§ **WHAT YOU SHOULD DO**:
For this exercise, reproduce the entries below exactly, but only from the line containing "ولذلك وصفه النبي" through the line containing "Features floral artwork", both included.

(SUPPLIED MATERIAL begins)

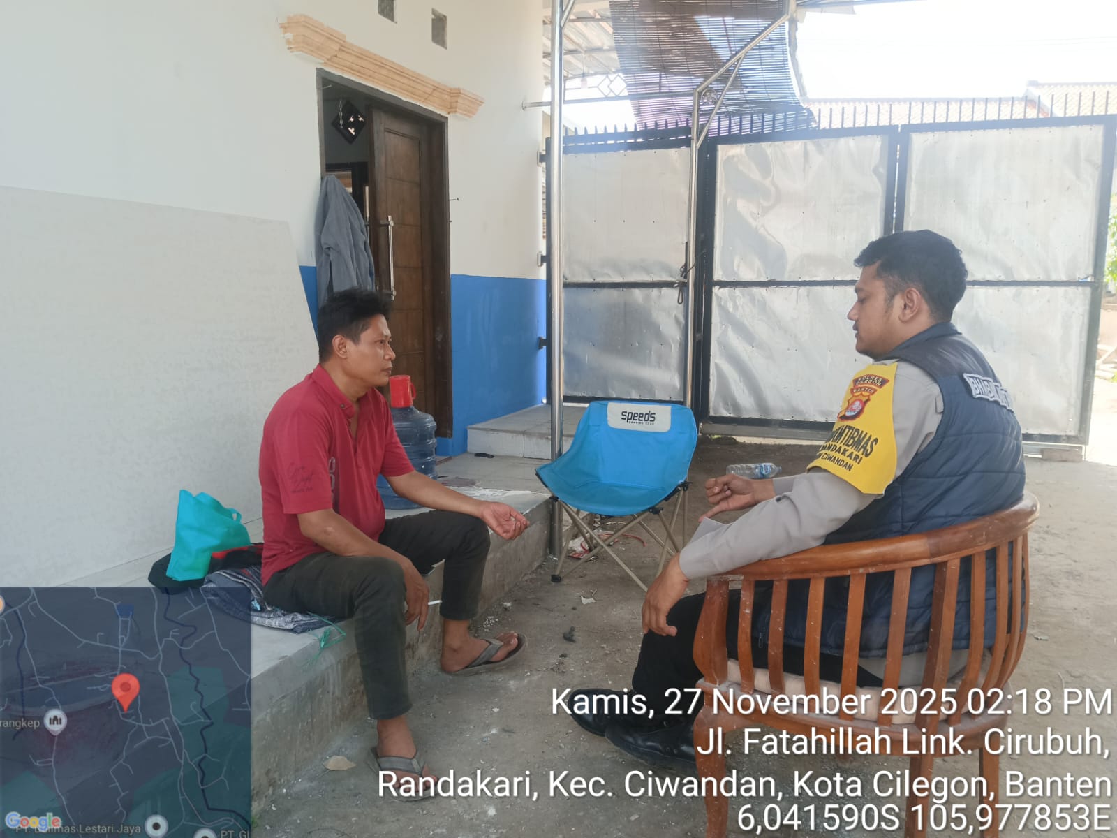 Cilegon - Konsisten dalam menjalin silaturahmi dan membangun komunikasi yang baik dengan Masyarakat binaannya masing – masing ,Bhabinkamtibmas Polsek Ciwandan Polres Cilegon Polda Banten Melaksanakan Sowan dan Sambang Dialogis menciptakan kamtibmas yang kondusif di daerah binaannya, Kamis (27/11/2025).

(SUPPLIED MATERIAL ends)
(SUPPLIED MATERIAL begins)

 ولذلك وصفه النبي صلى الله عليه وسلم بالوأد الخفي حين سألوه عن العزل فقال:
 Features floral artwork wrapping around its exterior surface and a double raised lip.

(SUPPLIED MATERIAL ends)

§ **RESULT OF THIS EXERCISE**:
 ولذلك وصفه النبي صلى الله عليه وسلم بالوأد الخفي حين سألوه عن العزل فقال:
 Features floral artwork wrapping around its exterior surface and a double raised lip.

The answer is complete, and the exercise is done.